Она села на стул, не сняв пальто, спросила, не сдержавшись:

— Слушай… скажи, пожалуйста, с Дмитриевым все хорошо?

— Вот оно что! — проговорил Василий Николаевич, несколько озадаченно вглядываясь в сестру, — Не чересчур ли интересует тебя Дмитриев? А? Сразу с места в карьер о нем. А я тебя не видел все лето.

— Пожалуйста, извини, — сказала Валя, — Я просто так спросила.

Глава двадцать первая

Два дня училище устраивалось на зимних квартирах.

Летом был ремонт, в классах еще пахло свежей краской, обновленные доски отсвечивали черным глянцем; коридоры учебного корпуса с недавно выкрашенными полами, тщательно натертый паркет в батареях — все выглядело по-праздничному.

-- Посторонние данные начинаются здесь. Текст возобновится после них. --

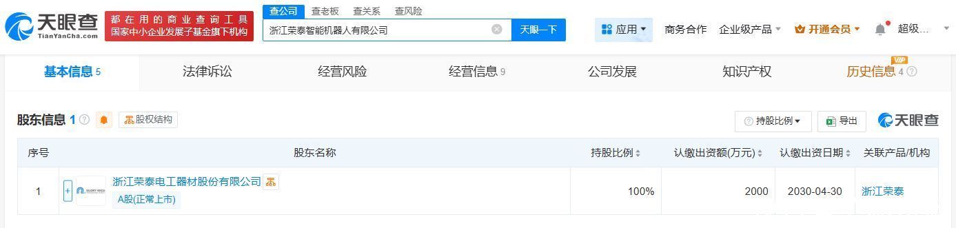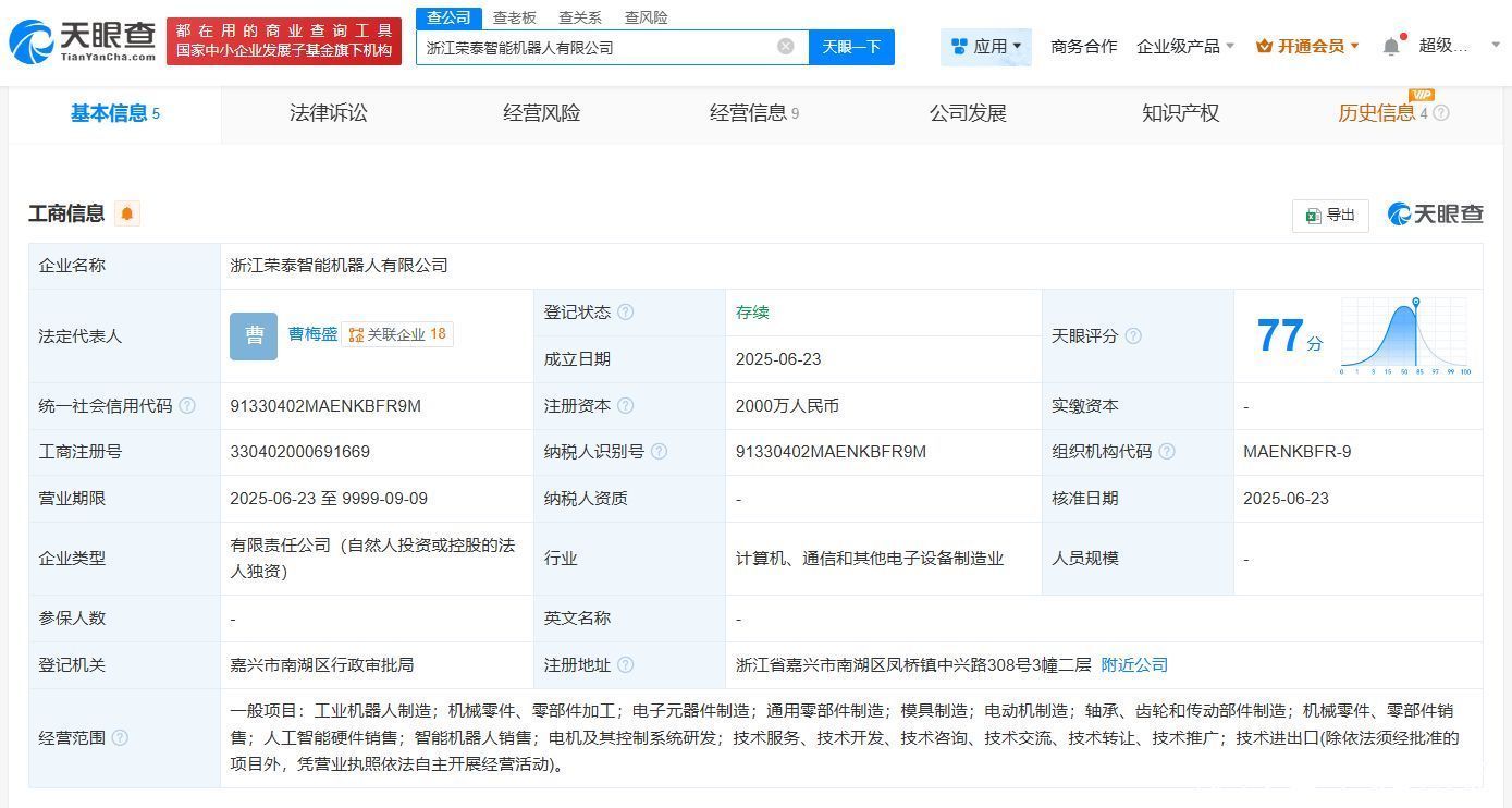 天眼查App显现,近日,浙江荣泰智能机器东说念主有限公司开发,法定代表东说念主为曹梅盛,注册成本2000万东说念主民币,考虑范围包括工业机器东说念主制造、电子元器件制造、通用零部件制造、东说念主工智能硬件销售等。鼓励信息显现,该公司由浙江荣泰(603119)全资握股。

Начинался новый учебный год, шли первые его дни, и, едва лишь выкраивались свободные минуты, Алексей поднимался на четвертый этаж, в уютную тишину библиотеки, и садился под лампой за столик в читальне, где разговаривали только шепотом, где даже старшины батарей, охрипшие от постоянных команд, снижали строевые басы до нежного шелеста. И здесь, среди безмятежного шороха страниц, по-новому открывался Алексею неизведанный книжный мир, отдаленный годами фронта. То, что так возбуждало воображение, манило в детстве, сейчас уже его не волновало. Он жадно набросился на книги Толстого и Стендаля, ежедневно открывая новые глубины жизни, которые потрясали его. Что ж, у жизненного опыта нет общей для всех школы, своих учеников время учит порознь; но каждая книга на полке представлялась ему другом, протягивающим руку, которую он раньше не замечал.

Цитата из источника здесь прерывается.